The main impact of the case was on the nature of protectable information – in other respects it confirmed existing case law, for example on the fact that interlopers were under a duty of confidence (Shelley v Rex) and that further recipients of information were bound by a duty, depending on their knowledge (Spycatcher, Thomas v Pearce). The essay should illustrate, with reference to cases such as De Maudsley, Fraser and so on, how the law of confidence has developed an approach to judging information as to its quality and worthiness for protection, so trivial or unoriginal information will not be protected, even if confidential. Hazel Carty’s analysis of the law as developing a ‘merit-based’ approach, where the parties and the information are judged as to their private and public merit, should be mentioned here.
The difficulty in Douglas can then be explained: the House of Lords held that even after some photographs of the couple’s wedding had been published, further photographs of the same scene continued to contain protectable confidential information – the ‘one picture is worth a thousand words’ argument. The minority in Douglas objected because what was protected by this approach was purely the trivial aspects of the photography, but the majority view was that as the information had a clear commercial value, that was enough for it to be protected. This can be viewed as contrary to the merit-based approach, in that viewed on its own (irrespective of any commercial value it may have) the information protected might be thought unmeritorious. On the other hand, the fact that the majority decision avoided the need to judge the merit of information has its advantages – it avoids the possible criticism that a bunch of aged middle class lawyers were imposing their own values and tastes on the situation (it is unlikely that any of their lordships were avid consumers of celebrity gossip).
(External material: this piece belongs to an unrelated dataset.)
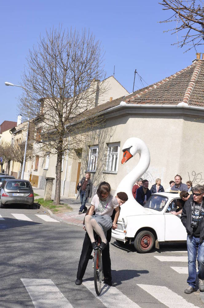 Scénu jako z Postřižin připomíná milenecký pár jedoucí na starém kole. Slečna sedí na řídítkách a pán v hnědém saku se snaží udržet rovnáhu. Kolo se tak potácí z jednoho konce silnice na druhý. Milenci však nepadají. Nakonec se přítomní dostávají na malé náměstíčko, kde je happening zakončen. Stěny přilehlé hospody, kam se část návštěvníků přesune, zdobí portréty Bohumila Hrabala. „Do poslední chvíle to byl precizně uvažující člověk. Já jsem ho zažil jako spolupracovníka, jako člověka, který logicky a přesně dokázal o divadle uvažovat. A nejenom o divadle. Byl to samozřejmě velice vzdělaný člověk. Takže pro mě to byl osobní, lidský, velikánský kontakt strávený v tvůrčím životě,“ zavzpomíná režisér a uvaděč Hrabalových her Ivo Krobot. A pak už jen docvakají poslední snímky fotoaparátů, přečte se poslední text a židenickým náměstím se rozhostí nezvyklé ticho. Jen z okolo stojících rozkvetlých stromů se pomalu na zem snášejí bělavé květiny.

It is also possible to discuss the issue in relation to economic theory: if customers like celebrity gossip, then it is appropriate to provide a right that encourages celebs to provide it. Perhaps this was a case of the right result for the wrong reason. Thus a further criticism of the case is that the House of Lords refused to come to its decision on unfair trading-based grounds, although really that was the wrong in the case is Hello! magazine’s overly competitive conduct, not a breach of confidence.